System Design Interview: Design a Web Search Engine
Designing a web search engine is one of the most technically rich system design questions. It requires understanding web crawling, large-scale indexing, ranking algorithms, and low-latency query serving. This guide covers the architecture used by systems like Google and Bing, distilled into a framework you can present confidently in an interview.
Clarifying Questions
- Scale: how many web pages to index? (Assume 50 billion pages)
- Query volume: how many searches per second? (Assume 100K QPS)
- Freshness: how quickly should new content appear in results? (Minutes for news, days for general content)
- Features: full-text search only, or also images, videos, knowledge panels?
Core Components
1. Web Crawler
The crawler discovers and downloads web pages. Key design decisions:
- Seed URLs: start from a curated list of high-authority domains
- URL Frontier: priority queue of URLs to crawl, prioritized by PageRank estimate and freshness
- Politeness: respect robots.txt, limit crawl rate per domain (1 req/sec default)
- Distributed crawlers: partition URL space by domain hash across thousands of crawler nodes
- Deduplication: use SimHash to detect near-duplicate pages and skip them
At 50B pages with avg 100KB per page = 5 PB of raw HTML. Crawlers must revisit pages; revisit frequency is proportional to page change rate (detected via ETag/Last-Modified headers).
2. Document Processor
After downloading, each page is processed:
- HTML parsing: extract text, links, metadata (title, description, canonical URL)

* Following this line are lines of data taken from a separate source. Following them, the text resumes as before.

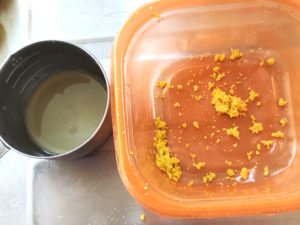 ![]() ①レモンは皮をお湯で洗った後、水分を拭き取り、おろし金で皮をすりおろし、レモン汁も絞っておきます。 |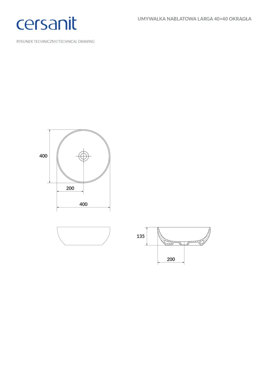 Умывальник 40 см Larga Euro White CCWT1000736401 Cersanit | CCWT1000736401
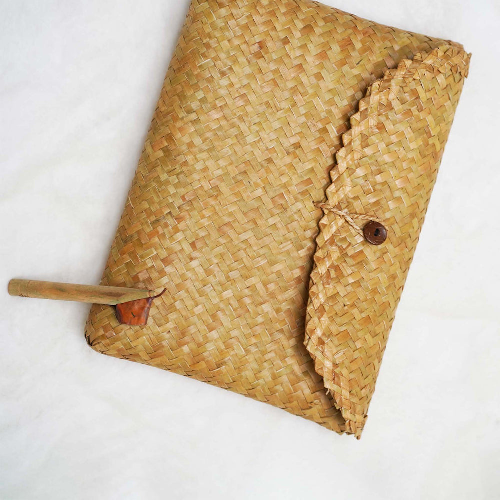 Oak Brown Stripes Cotton Wax Block Printed Zero Waste Envelope Pouch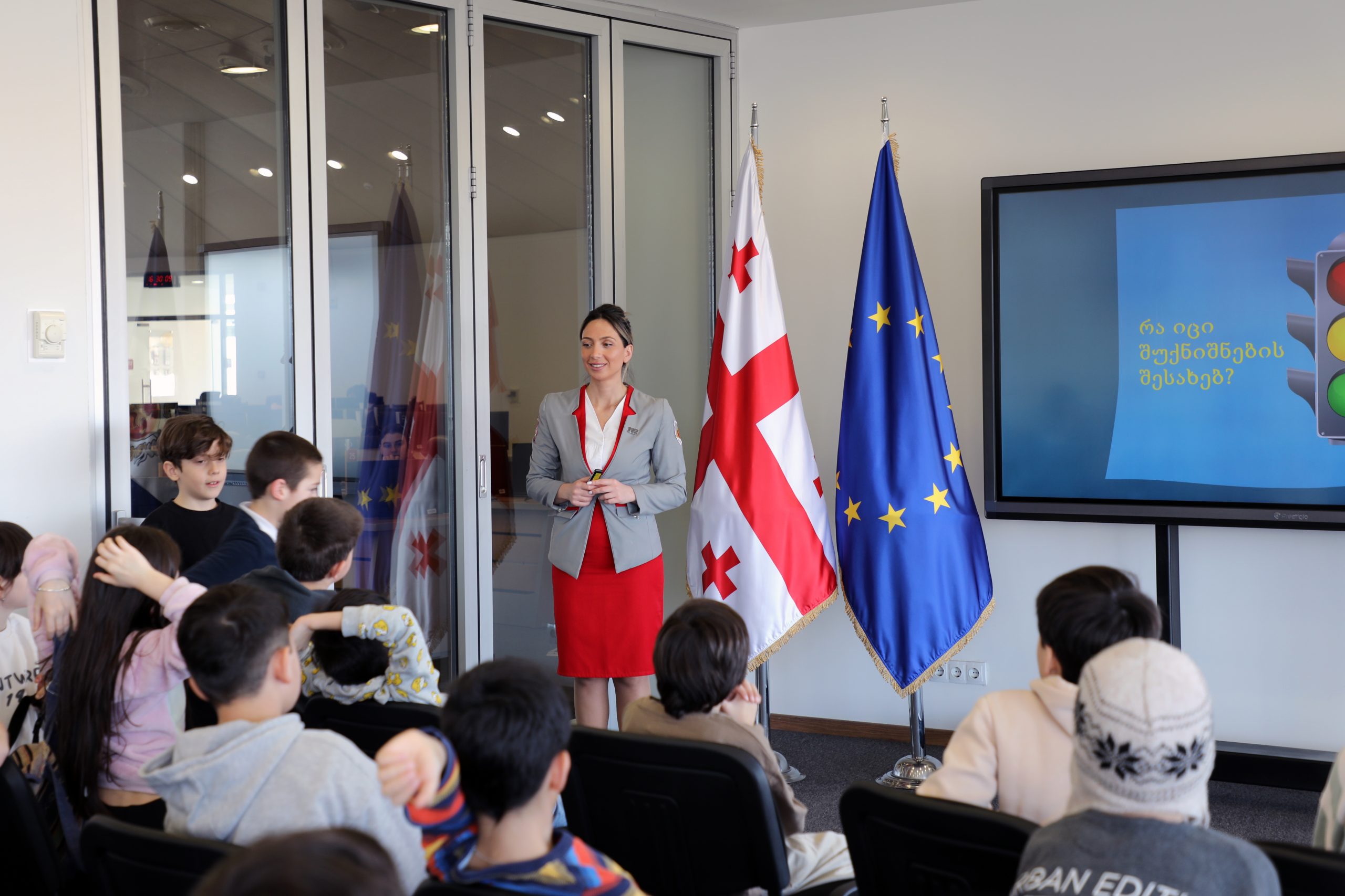 მოსწავლეებმა ასევე, მოისმინეს არამიზნობრივი ზარის განხორციელების საფრთხეები და სანქციები, რომლებიც ცრუ ზარის განხორციელების შემთხვევაშია გათვალისწინებული.

- Link extraction: add discovered URLs to the URL frontier
- Language detection: route to language-specific indexes
- Content extraction: remove boilerplate (navigation, ads) to isolate main content
- Indexing pipeline: tokenize text, stem words, compute term frequencies
3. Inverted Index
The inverted index maps each term to the list of documents containing it (a “posting list”):
"distributed" -> [(doc_12, tf=3, positions=[45,102,890]), (doc_47, tf=1, positions=[23]), ...]
"systems" -> [(doc_12, tf=7, positions=[...]), ...]
Storage: the index at Google scale is ~100+ PB. It is sharded by document ID range and replicated across datacenters. Each shard is stored as an immutable file (similar to LSM-tree SSTables) updated via periodic merges.
Index tiers: a three-tier architecture balances freshness vs. cost:
- Realtime index: last 24-48 hours of crawled content, kept in memory, updated continuously
- Recent index: last 30 days, on fast SSDs
- Full index: all 50B pages, on HDD/object storage, rebuilt weekly
4. Ranking System
Given a query, thousands of documents match. Ranking determines the order. The process has two stages:
Retrieval (recall): fetch top-1000 candidate documents from the inverted index using BM25 (term frequency × inverse document frequency). BM25 score for a document D given query Q:
score(D,Q) = Σ IDF(qi) × (tf(qi,D) × (k1+1)) / (tf(qi,D) + k1×(1 - b + b×|D|/avgdl))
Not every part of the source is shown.